Exercise objective: Output the entries in full and verbatim, pictures omitted.

[Saved data entries]
------------------------------------------------
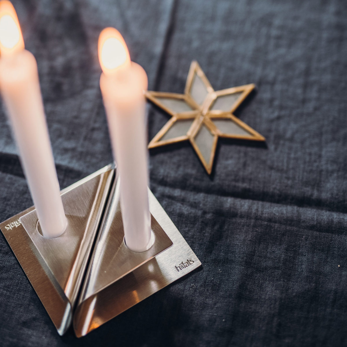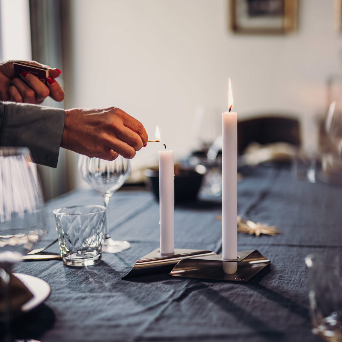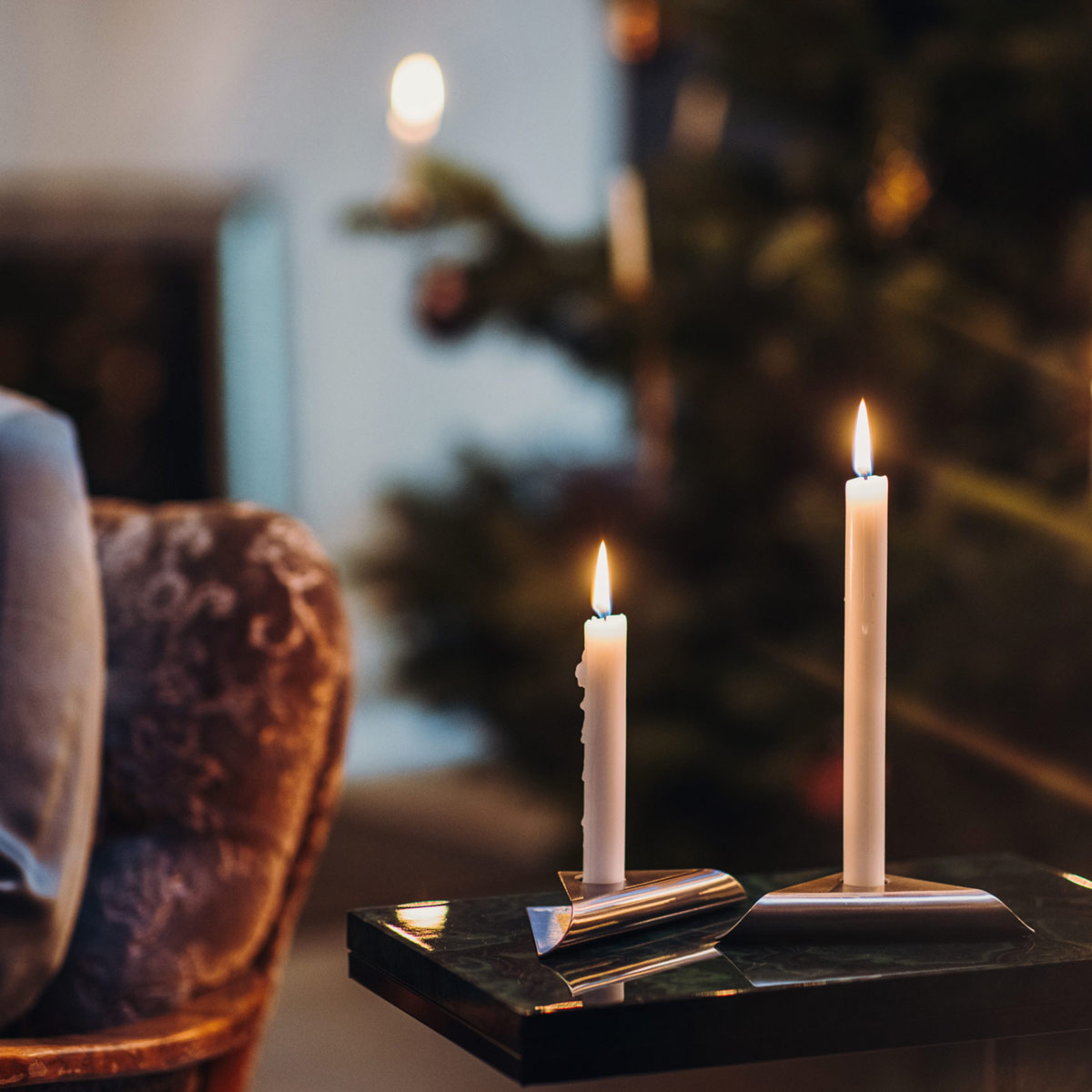 Höfats Square Candle Kerzenhalter, 2 Stück, Silber, mit Kerzen (nicht inbegriffen)
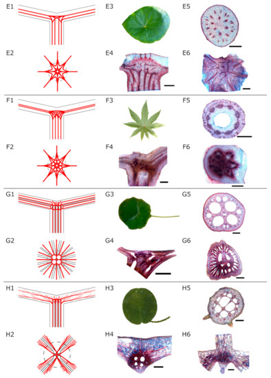 Types of strengthening structures in the petiole–lamina junction of peltate leaves (part 1). (A)—unbranched type (Piper peltatum, scale: 1 mm). (B)—monocot branching type (Anthurium forgetii, scale: 1 mm). (C)—ring-like structure (Stephania delavayi, scale: 500 µm). (D)—knot-like structure (Tropaeolum tuberosum, scale: (D4,5)—500 µm, (D6)—1 mm). (E)—net-like structure, intensity 1 (Begonia nelumbiifolia, scale: (E4), (E6)—2 mm, (E5)—1 mm). (F)—net-like structure, intensity 2 (Ricinus communis, scale: 1 mm). (G)—water plant radial branching type, (Nelumbo nucifera, scale: (G4)—5 mm, (G5)—1 mm, (G6)—2 mm). (H)—water plant diffuse branching type (Victoria cruziana, scale: (H4), (H6)—2 mm, (H5)—1 mm). 1—simplified illustration of strengthening structure type, longitudinal section of petiole and transition zone. 2—simplified illustration of strengthening structure type, top view of petiole (dashed line) and transition zone. 3—leaf morphology of peltate representative. 4—longitudinal section of the transition zone. 5—cross section of the petiole. 6—cross section of the transition zone.
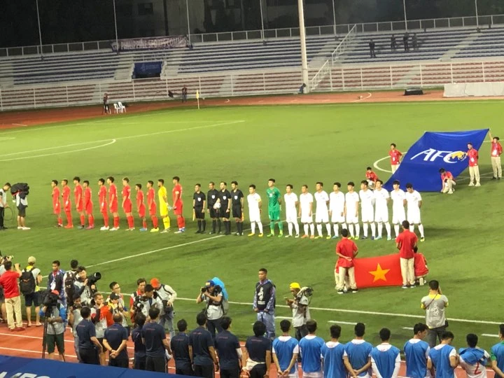 Hai đội làm lễ chào cờ và hát quốc ca trước trận đấu. Ảnh: CÔNG TUẤN
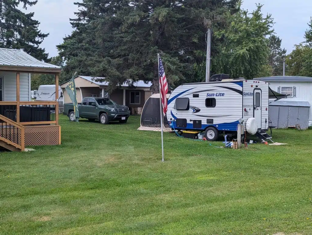 We splurged and got a campground with full hookups for three nights so we could feel a little bit at home. We are staying at the aptly named Lake of the Woods campground in Baudette, MN which we are definitely enjoying. They have a marina that we can walk to and staying in place feels good. We have spent our time here visiting Zipple Bay State park (beware the bugs) and renting a pontoon boat to visit the lake (and most likely veering into Canada now and then) where I caught my first fish! Lake of the Woods is as beautiful as advertised but we are looking to start heading west again. Today is a rainy rest day for napping, laundry and updating you on our adventures.
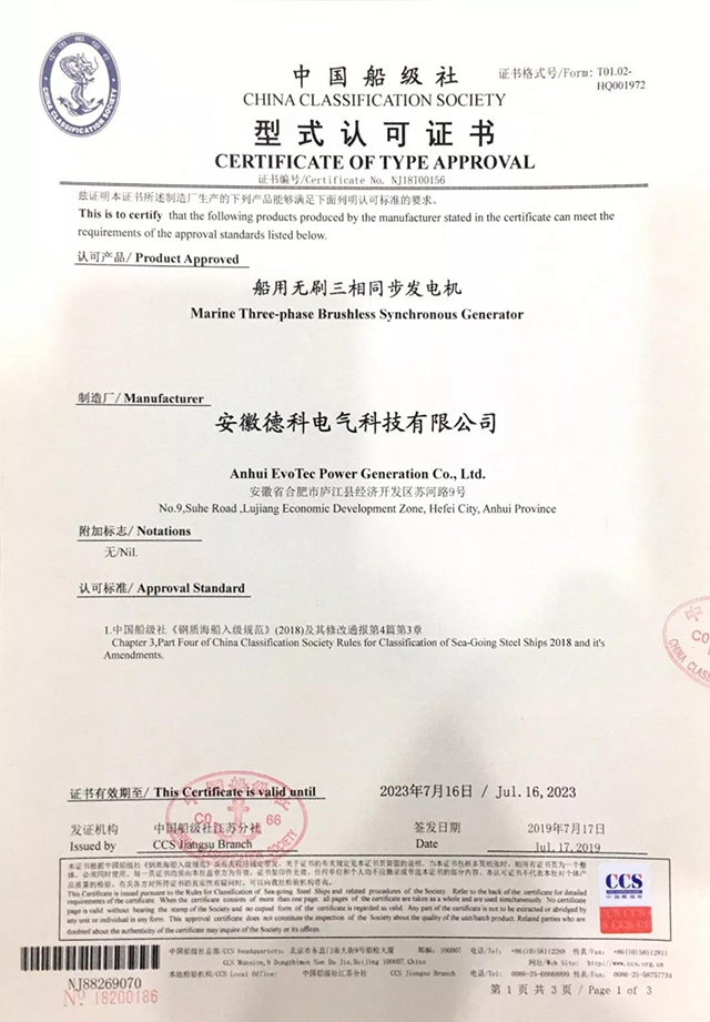 四、EvoTecPA视讯游戏船用发电机产品通过了中国船级社(CCS)认证
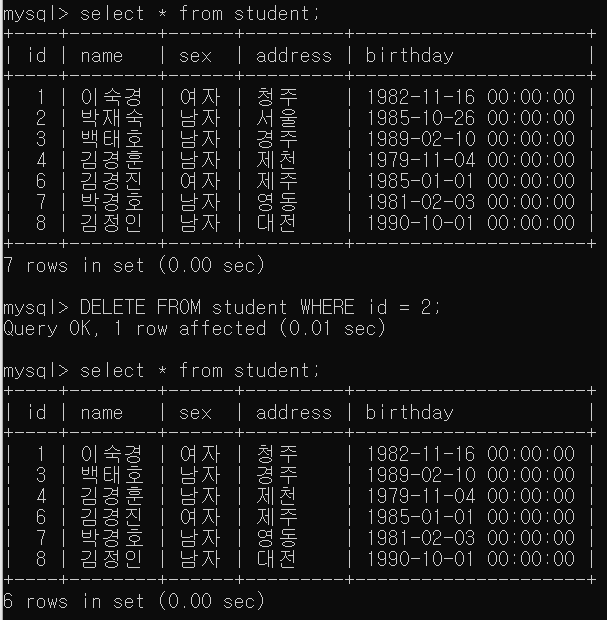 INSERT INTO `student` VALUES (6, '김경진', '여자', '제주', '1985-1-1 00:00:00');
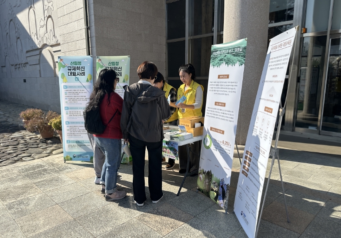 현장에서는 산림청의 2025년 상반기 대표 규제혁신 사례와 하반기 추진중인 규제합리화 사례를 설명한 규제혁신 홍보물을 배포하며 알기 쉽게 설명했다.
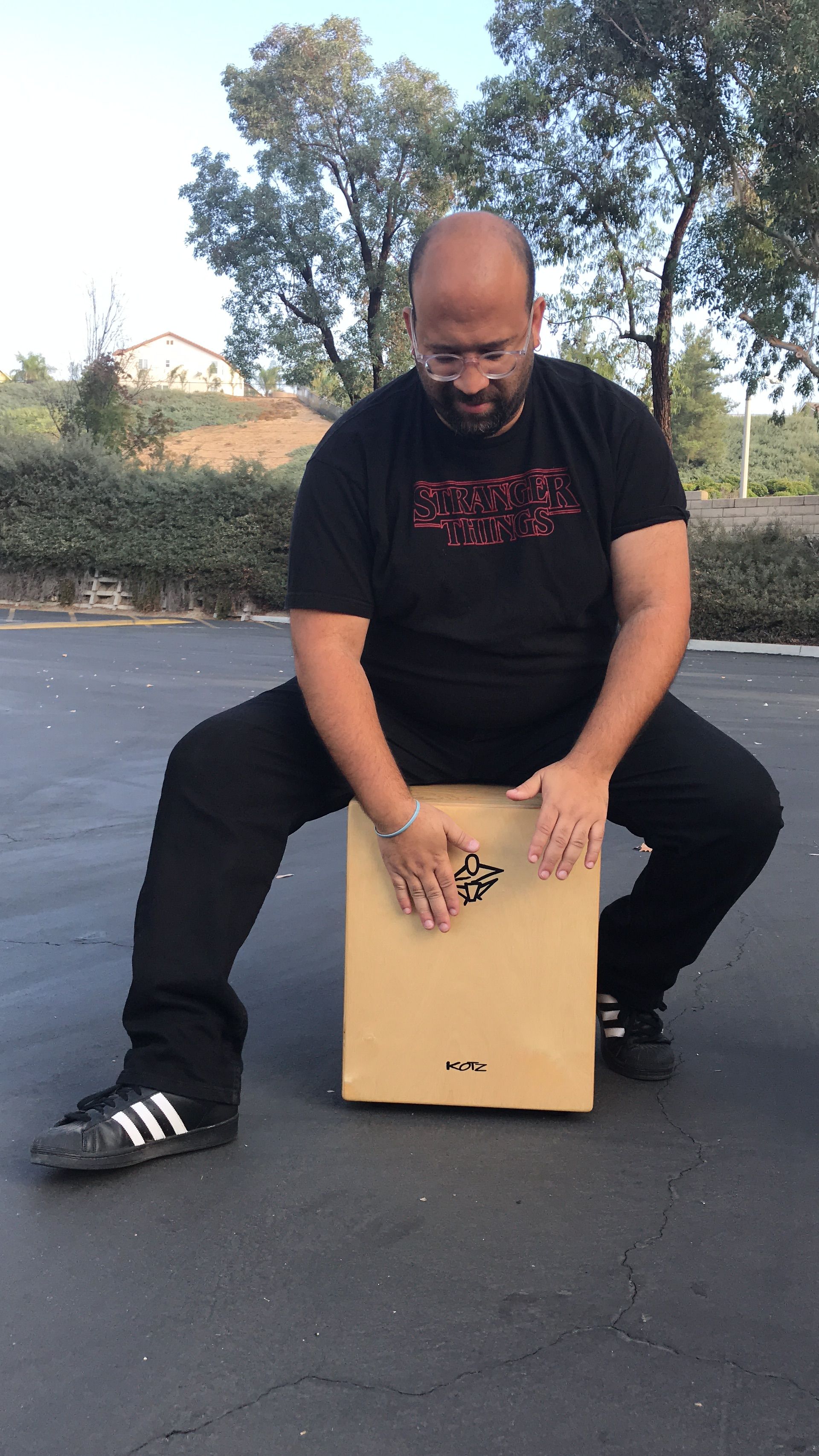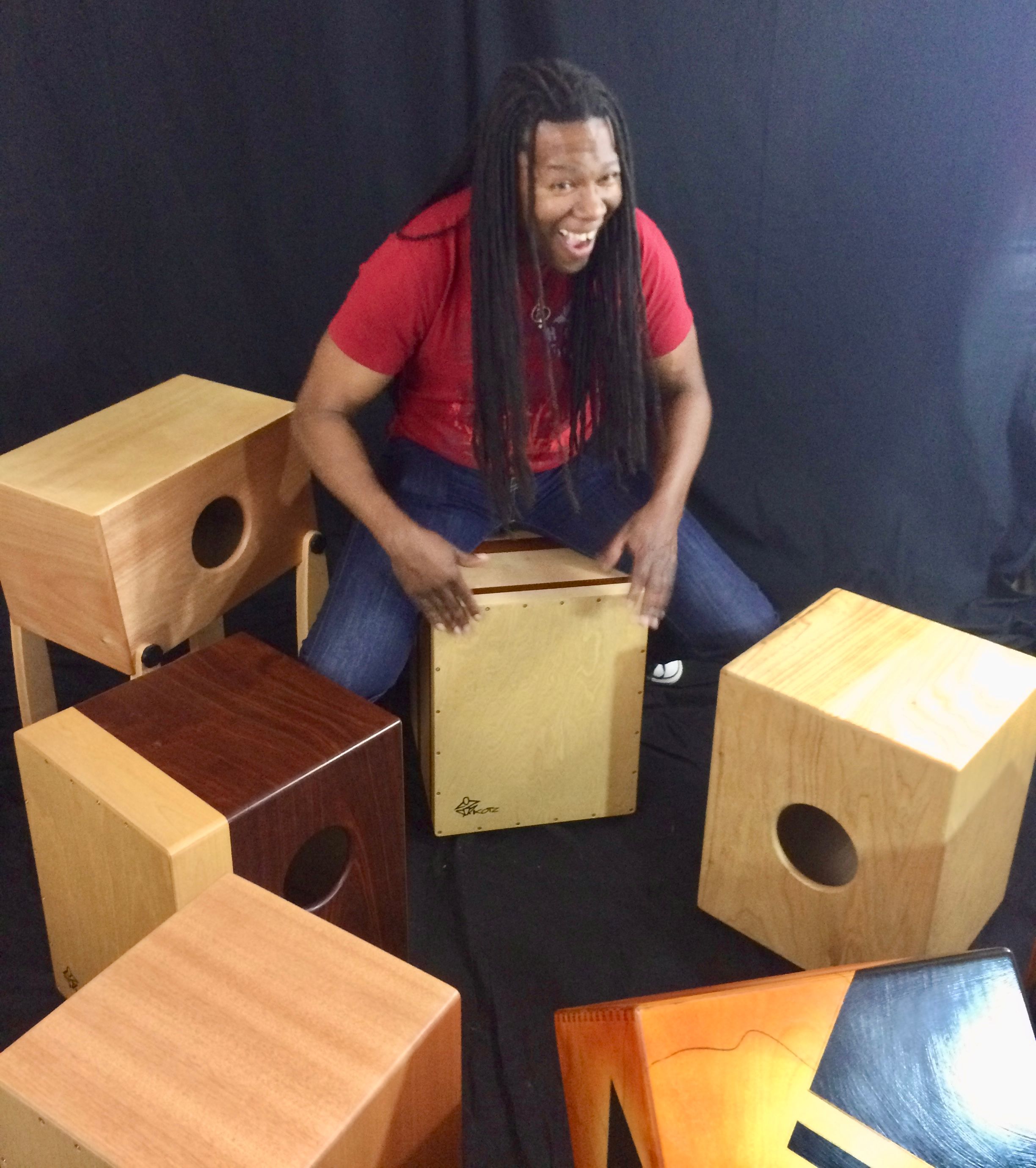 Playing his custom Kotz cajón in Pasadena.
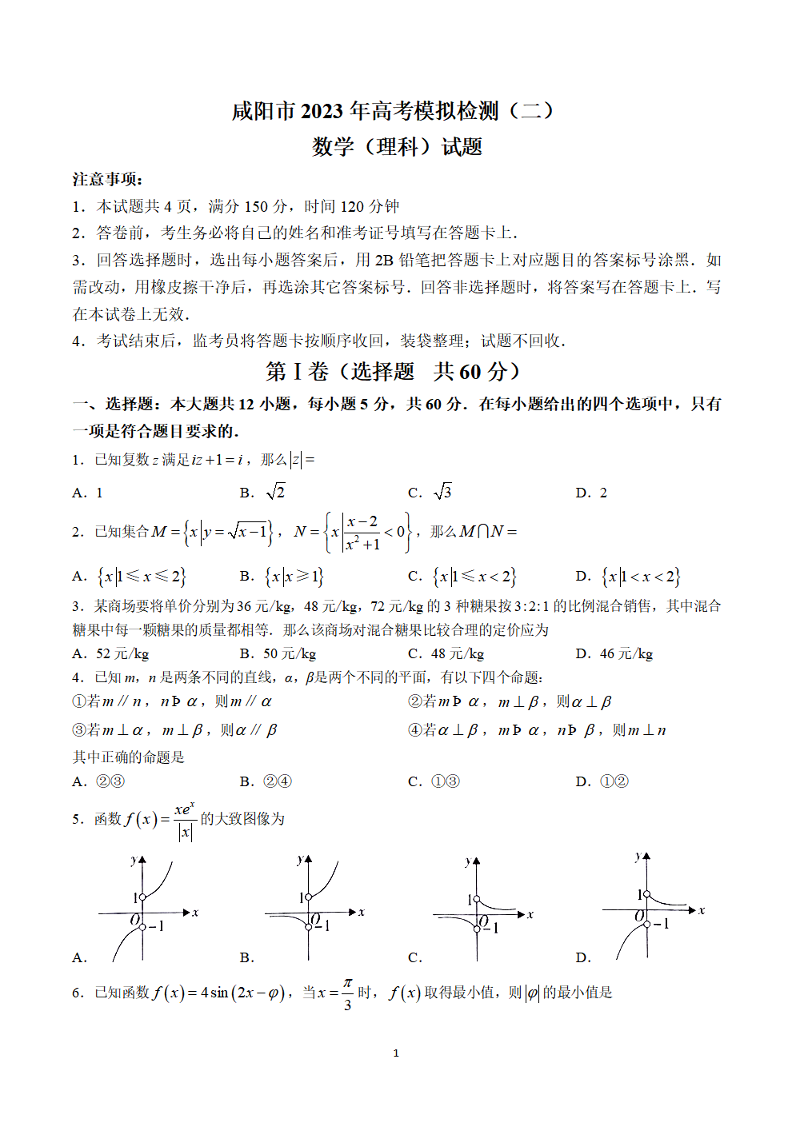 陕西省咸阳市2023年高考模拟检测(二)理科数学
------------------------------------------------
Finished task:
 Höfats Square Candle Kerzenhalter, 2 Stück, Silber, mit Kerzen (nicht inbegriffen)
 Types of strengthening structures in the petiole–lamina junction of peltate leaves (part 1). (A)—unbranched type (Piper peltatum, scale: 1 mm). (B)—monocot branching type (Anthurium forgetii, scale: 1 mm). (C)—ring-like structure (Stephania delavayi, scale: 500 µm). (D)—knot-like structure (Tropaeolum tuberosum, scale: (D4,5)—500 µm, (D6)—1 mm). (E)—net-like structure, intensity 1 (Begonia nelumbiifolia, scale: (E4), (E6)—2 mm, (E5)—1 mm). (F)—net-like structure, intensity 2 (Ricinus communis, scale: 1 mm). (G)—water plant radial branching type, (Nelumbo nucifera, scale: (G4)—5 mm, (G5)—1 mm, (G6)—2 mm). (H)—water plant diffuse branching type (Victoria cruziana, scale: (H4), (H6)—2 mm, (H5)—1 mm). 1—simplified illustration of strengthening structure type, longitudinal section of petiole and transition zone. 2—simplified illustration of strengthening structure type, top view of petiole (dashed line) and transition zone. 3—leaf morphology of peltate representative. 4—longitudinal section of the transition zone. 5—cross section of the petiole. 6—cross section of the transition zone.
 Hai đội làm lễ chào cờ và hát quốc ca trước trận đấu. Ảnh: CÔNG TUẤN
 We splurged and got a campground with full hookups for three nights so we could feel a little bit at home. We are staying at the aptly named Lake of the Woods campground in Baudette, MN which we are definitely enjoying. They have a marina that we can walk to and staying in place feels good. We have spent our time here visiting Zipple Bay State park (beware the bugs) and renting a pontoon boat to visit the lake (and most likely veering into Canada now and then) where I caught my first fish! Lake of the Woods is as beautiful as advertised but we are looking to start heading west again. Today is a rainy rest day for napping, laundry and updating you on our adventures.
 四、EvoTecPA视讯游戏船用发电机产品通过了中国船级社(CCS)认证
 INSERT INTO `student` VALUES (6, '김경진', '여자', '제주', '1985-1-1 00:00:00');
 현장에서는 산림청의 2025년 상반기 대표 규제혁신 사례와 하반기 추진중인 규제합리화 사례를 설명한 규제혁신 홍보물을 배포하며 알기 쉽게 설명했다.
 Playing his custom Kotz cajón in Pasadena.
 陕西省咸阳市2023年高考模拟检测(二)理科数学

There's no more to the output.